Narratore: Grace arrivò dritta alle ultime pagine, alla tavola che classificava gli schiavi di Manderlay. Dov’era Timothy? Sì, accanto al suo nome c’era il numero 1: uno schiavo orgoglioso come aveva letto allora… o invece no? Guardò con più attenzione il numero scritto a mano, lo confrontò con quello accanto al nome di Elisabeth il 7: la negra compiacente, detta anche “camaleonte” per la sua straordinaria capacità di trasformarsi per meglio attrarre e incantare chi aveva d’avanti, e solo ora Grace si rese conto… Il numero di Timothy non era un 1, ma un 7; era lei che aveva voluto leggerlo così! C’era persino una nota vicino al nome di Timothy: “Attenzione! Intelligente e scaltro”.
Chiaramente il giudizio di Grace in merito non è dei più entusiasti, e mira a rivoluzionare tale concezione.
Grace: È fatta per opprimere e umiliare dall’inizio alla fine.

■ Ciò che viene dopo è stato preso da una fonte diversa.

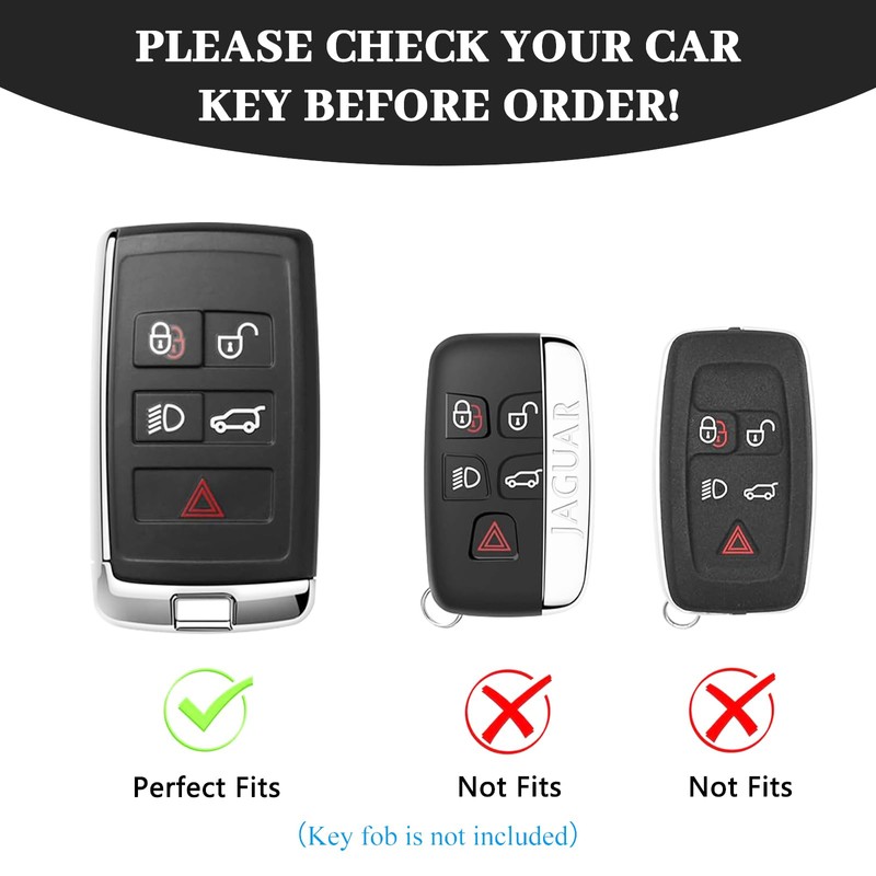 - 🚗【Fits Model】The key fob cover is Compatible with Range Rover Evoque Sport Velar Land Rover Discovery Freelander2 LR4 Jaguar F-Pace 5 Buttons Smart Key. Note: Due to model, year, configuration differences,the key will be different,please verify the key details in the second picture.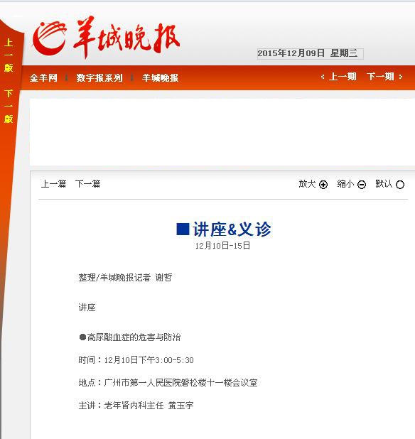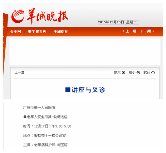 《羊城晚报》:讲座与义诊 2015年12月15日 B05版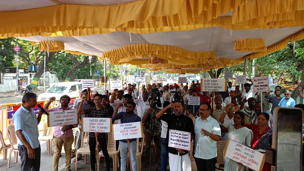 `சிதையும் மக்களாட்சி; உள்ளாட்சியில் அடிபட்டுக் கிடக்கும் 70% நீதி’ – திமுக அரசுக்கெதிராக போராட்டம்!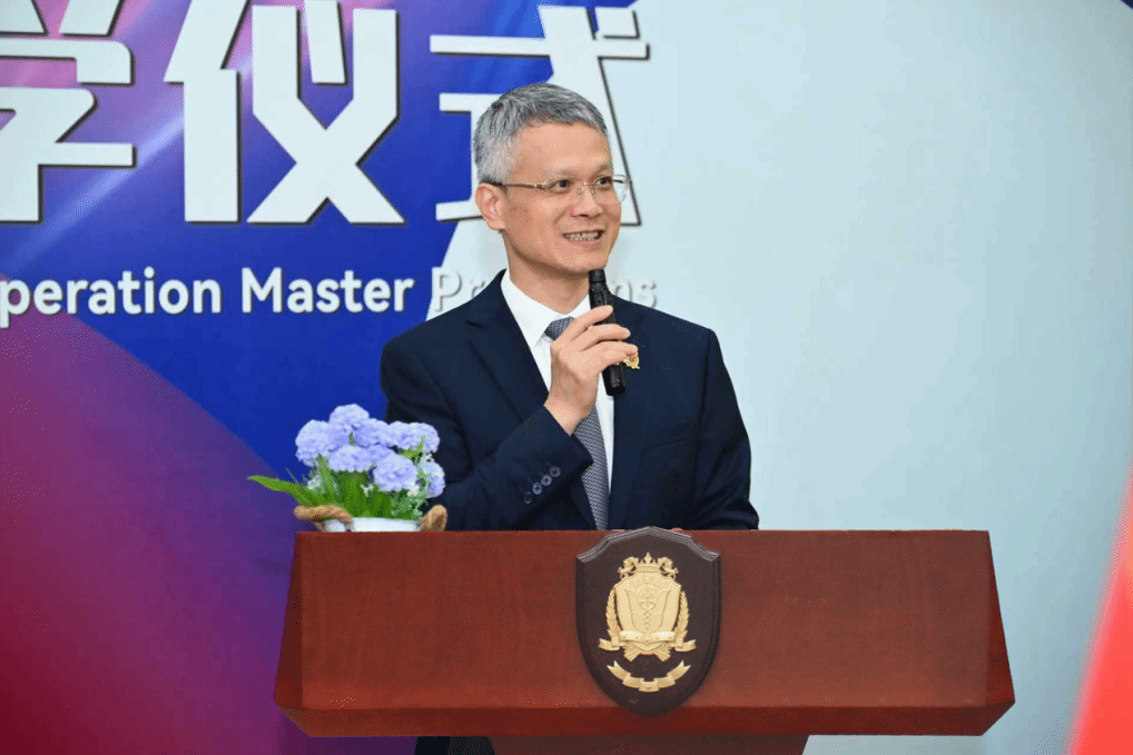 在2025级国际合作(中葡、中英)硕士项目开学仪式上,学校副校长许可慰强调,国际合作硕士项目聚焦于复合型国际化人才的培养。他鼓励同学们秉承 “博学笃行,尚德济世” 的校训,“脚踏实地追求卓越”“拥抱多元拓展视野”“不忘初心服务社会”。他希望同学们通过研究生阶段的学习,在医学道路上扬帆远航、追求卓越,为促进中国乃至全球健康与医学事业发展不懈努力。

Per tutto il film, Grace indirizza con fanciullesca fiducia le proprie speranze verso gli ex-schiavi, ottenendo alcune grandi soddisfazioni e anche qualche notevole frustrazione. Verso la fine la situazione sfugge di mano: viene costretta da alcuni schiavi desiderosi di vendetta verso un’anziana e dolce donna, considerata responsabile indiretta della morte di una bambina, a ucciderla nel sonno contro la sua volontà, in una straziante scena in cui la ragazza aiuta la donna in preda ai sensi di colpa ad addormentarsi, facendola sentire al sicuro, per poi spararle, risparmiandole la più dolorosa morte che gli altri neri le avrebbero voluto dare, ma non riuscendo comunque ad accettare quell’atto così disumano. Viene poi sedotta da uno degli ex-schiavi più arroganti, che sfrutta l’occasione per tentare di fuggire col bottino guadagnato dal fruttuoso smercio di cotone attuato da Manderlay. Persa la speranza, Grace chiede al padre di tornare a prenderla, ma fallirà anche in questo, perché l’orologio di Manderlay è regolato con un’approssimazione sufficiente da farle mancare l’appuntamento col veicolo paterno. Fuggirà dal villaggio a piedi, dirigendosi presumibilmente verso lo scenario del terzo e mai realizzato episodio della trilogia, interrotta dalla depressione di Lars Von Trier, che realizzerà l’esperimento comico Il grande capo, per poi invece tentare l’auto-esorcismo mediante l’urgente Trilogia della Depressione, terminata nel 2013 e composta da Antichrist, Melancholia e Nymphomaniac, ossia alcuni dei suoi lavori migliori, con Charlotte Gainsbourg come filo conduttore di storie incentrate su diversi disagi psicologico-esistenziali.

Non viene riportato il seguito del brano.